BOSSES at Inverclyde Royal are under orders from inspectors to replace damaged mattresses stuck together with tape and fix holes in walls to protect patients from deadly infections.

The hospital came under the spotlight during a recent unannounced visit by Healthcare Improvement Scotland watchdogs.

NHS Greater Glasgow and Clyde has since put a compulsory action plan in place to address four 'requirements' made by inspectors around the risk of infections, decontamination and maintenance.

During an unannounced visit Healthcare Improvement Scotland watchdogs uncovered:

• worn and contaminated mattresses on beds and trolleys

• risks of infection around the use of catheters inserted in the arms of patients to allow intravenous treatments.

• concerns raised around the monitoring of water safety to reduce the risk of waterborne infections like Legionella

• wear and tear around the hospital including holes in the walls

In an official report inspectors said: "In one ward, we found several damaged mattresses that had been repaired with tape.

"This damage would not allow for effective decontamination and could allow ingress of contaminants to the inner foam.

"In another ward, we found some mattresses were contaminated on the inside cover and foam."

They added: "During our inspection, we found some wear and tear to the fabric of the building.

"This was mainly to walls, doors and doorframes.

"This damage would not allow for effective decontamination."

The list also included damaged kitchen and pantry cupboards, kitchen flooring, exposed wood behind toilets, broken sealant around toilet bases and damaged walls.

Inspectors also drew attention to the management of peripheral vascular catheters - the small flexible tubes placed into a vein in order to administer medication or fluids.

They concluded that existing procedures at IRH ran the risk of staff being unable to determine whether the devices had been in longer than the recommended 72-hour limit.

Accident and emergency, three general wards and two wards in the Larkfield Unit all came under the spotlight during the inspection.

Inspectors have made recommendations to guard against water infections.

Their report stated: "To reduce the risk of Legionella, there should be regular flushing of unused or less frequently used water outlets.

"We saw that water flushing was being carried out, however wards and departments had different methods of recording this."

The inspectors also outlined areas of good practice across wards, including praise for the overall cleanliness of the hospital, standards of the housekeepers and the response of the estates team.

In the end there were four 'requirements' placed on NHS Greater Glasgow and Clyde to be acted on immediately.

An action plan was drawn up which included replacing all contaminated or damaged mattresses on beds and trolleys.

Bosses say this has now been completed.

Repair of holes in walls throughout the hospital is now under way while a survey of walls, doorframes and doors has commenced.

A review of all ward kitchen/pantry areas has been carried out and work has been tendered to fix surfaces within patient toilets in the Larkfield Unit.



"We welcome today’s unannounced inspection of safety and cleanliness at the Inverclyde Royal Hospital report which shows a number of positive findings.

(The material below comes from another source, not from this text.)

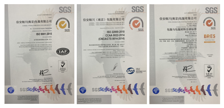●公司質(zhì)量體系完備,先后通過了ISO9001質(zhì)量管理體系、ISO22000食品安全管理體系、BRC體系認證。
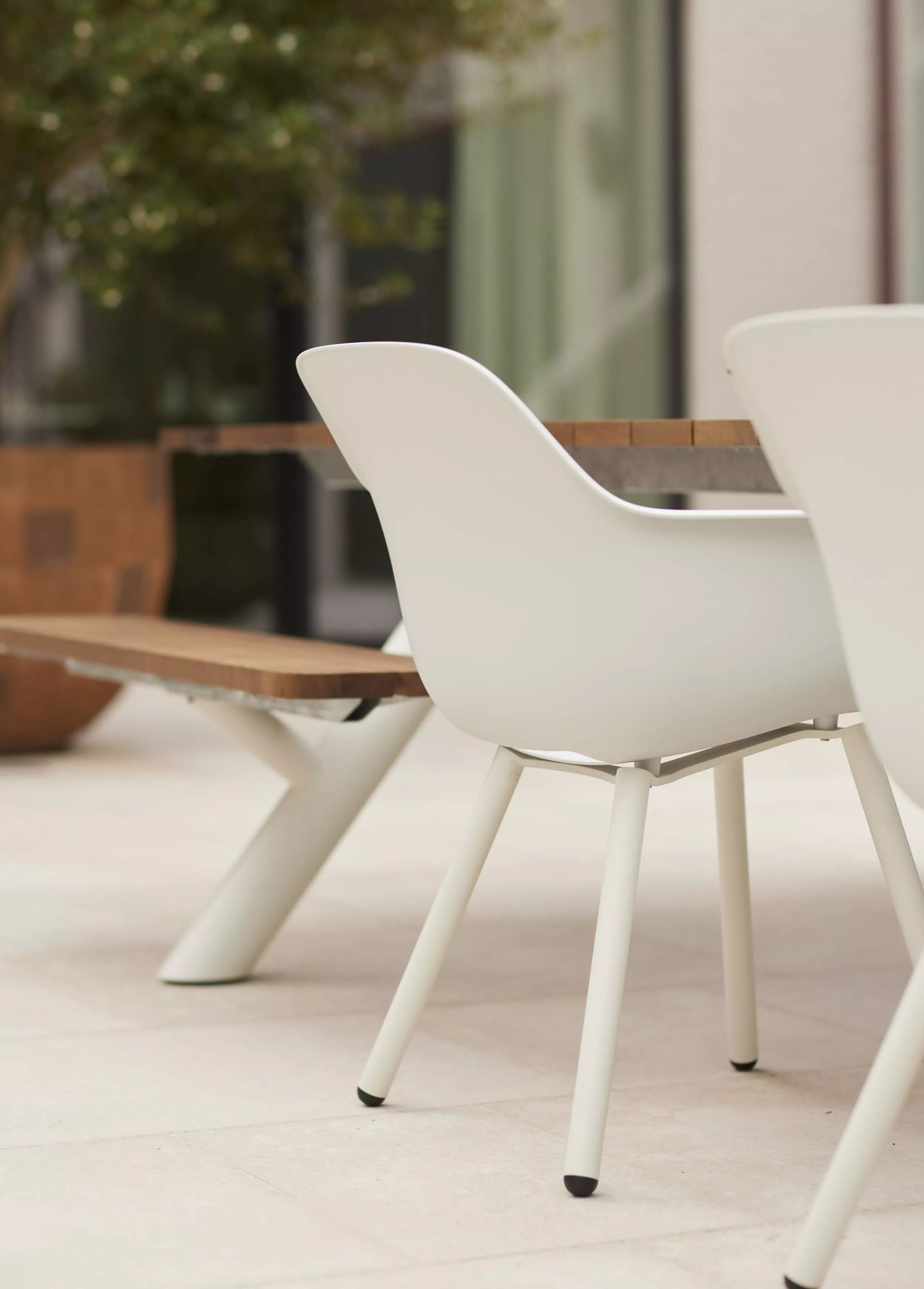 EXTREMIS HOPPER combo 360 Die Hopper Combo bietet eine innovative Kombination aus dem Komfort einer Bank auf der einen Seite und der praktischen Funktionalität von Stühlen auf der anderen Seite. Sie vereint das Beste aus beiden Welten und bietet damit eine vielseitige Sitzlösung. Wenn Sie zusätzlichen Komfort wünschen, stehen Ihnen ein paar Captain's Chairs zur Verfügung, die das Sitzerlebnis noch angenehmer gestalten. Diese Kombination aus Bänken und Stühlen bietet eine flexible Lösung für verschiedene Sitzbedürfnisse. Durch die fest angebrachten Bänke ist es einfach, seitlich in die Sitzgelegenheit zu gelangen, ohne die Beine anheben zu müssen. Dies erhöht die Zugänglichkeit und den Komfort für alle Benutzer. Die offene Seite der Hopper Combo ermöglicht eine hohe Flexibilität, da sie Platz für Rollstühle oder Kinderhochstühle bietet. Somit ist sie eine einladende Lösung für verschiedene Nutzergruppen und Situationen.Robuste, haltbare MaterialienOptionale Rückenlehnen und Kissen erhältlichHolzelemte, Sitzfläche aus Iroko-Hartholz, Hellwood oder beschichtetRahmen und Beine aus Stahl (versch. Beschichtungen)Für bis zu 10 PersonenBarrierefrei für Rollstuhlnutzer*innen Maße (B x T x H): 358 x 123 x 74 cm

"The inspectors highlighted that the standard of domestic cleaning was good.

"In all wards inspected, the majority of storage areas and domestic service rooms were found to be clean, uncluttered and well organised with equipment stored appropriately to allow effective cleaning.

"Our highly dedicated staff are committed to quality care and patient safety so it was especially encouraging that all 54 patients questioned stated that the standard of cleanliness on the wards is ‘always good’ and the equipment used by staff is ‘always clean’.

"Senior charge nurses also told inspectors they are happy with the level of domestic resources and the standard of cleaning.

"It was also noted that they spoke highly of the role of the housekeeper whose duties include ensuring cleaning schedules are completed.

Inspectors did find damage to some sections of walls and doorframes which is being addressed.

"They also saw damaged mattresses on one ward and a plan was already in place to have these replaced which has been done.

"Staff relationships with the infection prevention and control team were described as good, as were the regular visits to wards and departments by the team.

"Inspectors reported the adequate provision of personal protective equipment which was readily available for staff to use during patient care.

"They also praised good staff knowledge of standard infection control precautions and staff performing high levels of hand hygiene compliance at the appropriate times.

"Good precautions were also noted around infection control in isolation rooms including the appropriately individualised infection prevention and control checklists and risk assessments for patients in isolation.

Patient safety is always our absolute priority and all infection prevention and control team (ICPT) lead and senior nurses now have access to a Care Assurance and Improvement Resource dashboard and to both local standard infection control precautions (SICPs) and hand hygiene data.

"This data will be reviewed ahead of IPCT audits to identify any areas of focus."